Original Piece


The Drift


I can just manage to keep my head above water.

If I thrash in terror it won’t help; I’ll go under for sure.
But to do nothing, I’m as good as dead.

I try to turn my arms so they glide through the current, cutting a line back and forth.
The energy I’m expending just to keep afloat feels like an enormous burden.
How much longer?

It’s a mental game. Am I genuinely tired or is my mind just trying to convince me?
I bob upwards and my eyes find the shoreline.
At this point it looks more like a threat than an offer of salvation.
My mind wanders as I continue in full motion, going nowhere.

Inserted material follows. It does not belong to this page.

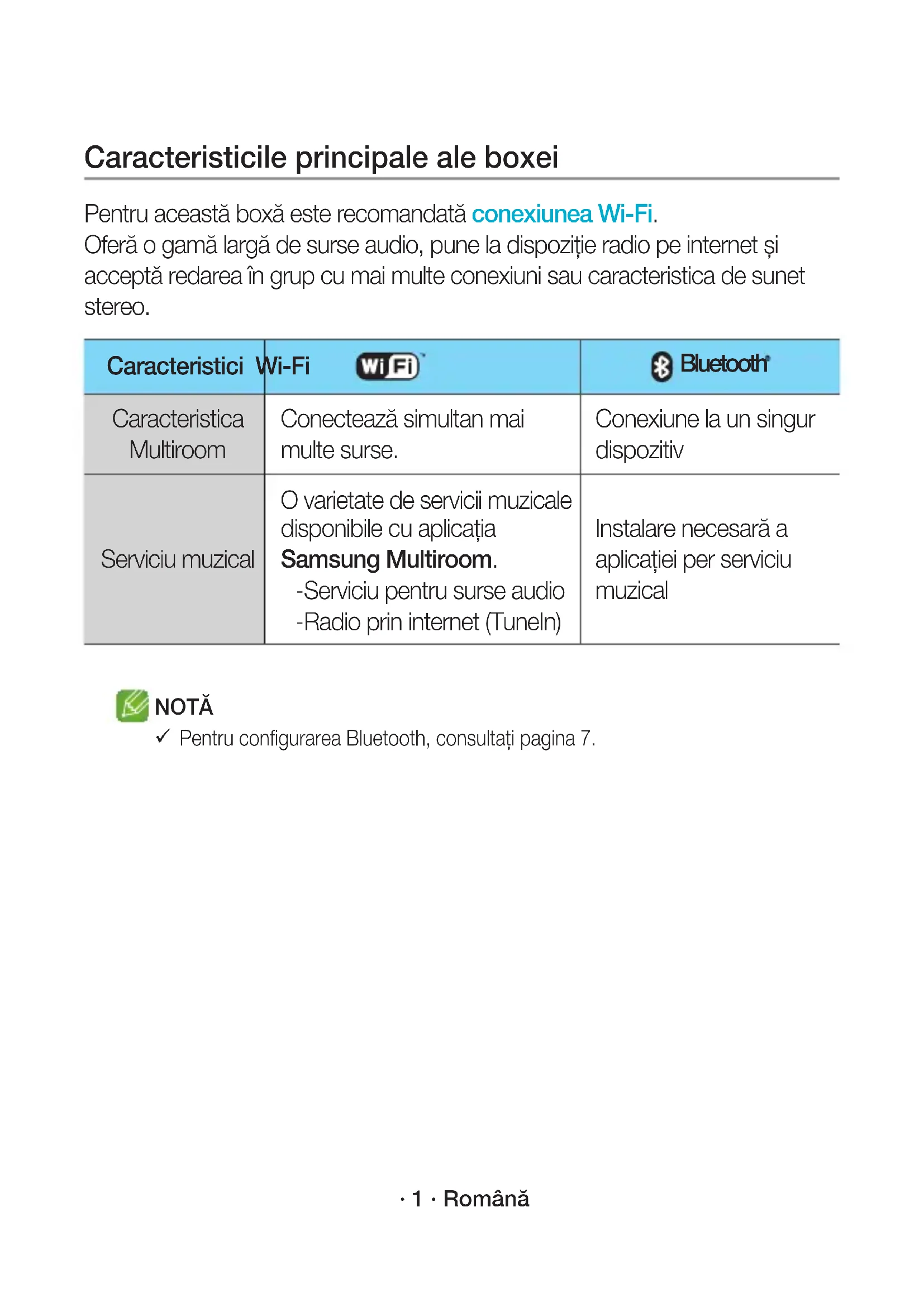 Jeśli nie można ustanowić połączenia, należy zapoznać się z sekcją „Lista kontrolna przed podłączeniem” na stronach 9 i 10. WAM3501-EN_15p-POL-QSG_0901.indd 15 2016-09-01 4:58:31· 1 · Română Caracteristicile principale ale boxei Pentru această boxă este recomandată conexiunea Wi-Fi. Oferă o gamă largă de surse audio, pune la dispoziție radio pe internet și acceptă redarea în grup cu mai multe conexiuni sau caracteristica de sunet stereo. Caracteristici Wi-Fi Bluetooth Caracteristica Multiroom Conectează simultan mai multe surse. Conexiune la un singur dispozitiv Serviciu muzical O varietate de servicii muzicale disponibile cu aplicaţia Samsung Multiroom. - Serviciu pentru surse audio - Radio prin internet (TuneIn) Instalare necesară a aplicaţiei per serviciu muzical NOTĂ

I reminisce on the feeling of solid ground under my feet, the wild air surrounding my body, no pressure pushing upon me endlessly.
In my mind’s eye - I throw my arms high above my head. They move freely up to the sky.
I look to the sky now.
The sky is growing. It grows wide and shallow. Its blackness feels infectious.
A reminder that I contend with the world above me and the one below.
Neither feel part of me.

The moon rises and the frigid sea air forces me to take swollen breaths.
Each inhalation catches in my throat. I turn to cough, the sea kisses my lips and salt saturates my senses.

Intent on submitting to the tide.
I place the palms of my hands over each eye.
I lean into the empty void below. It opens to accept me and I’m engulfed.
The movement is at once disorientating and empowering.
I surrender to the sea.

      - A. Sykes

 

'The Drift' is an original piece I submitted for a competition in 2015. I've made a few subtle changes since.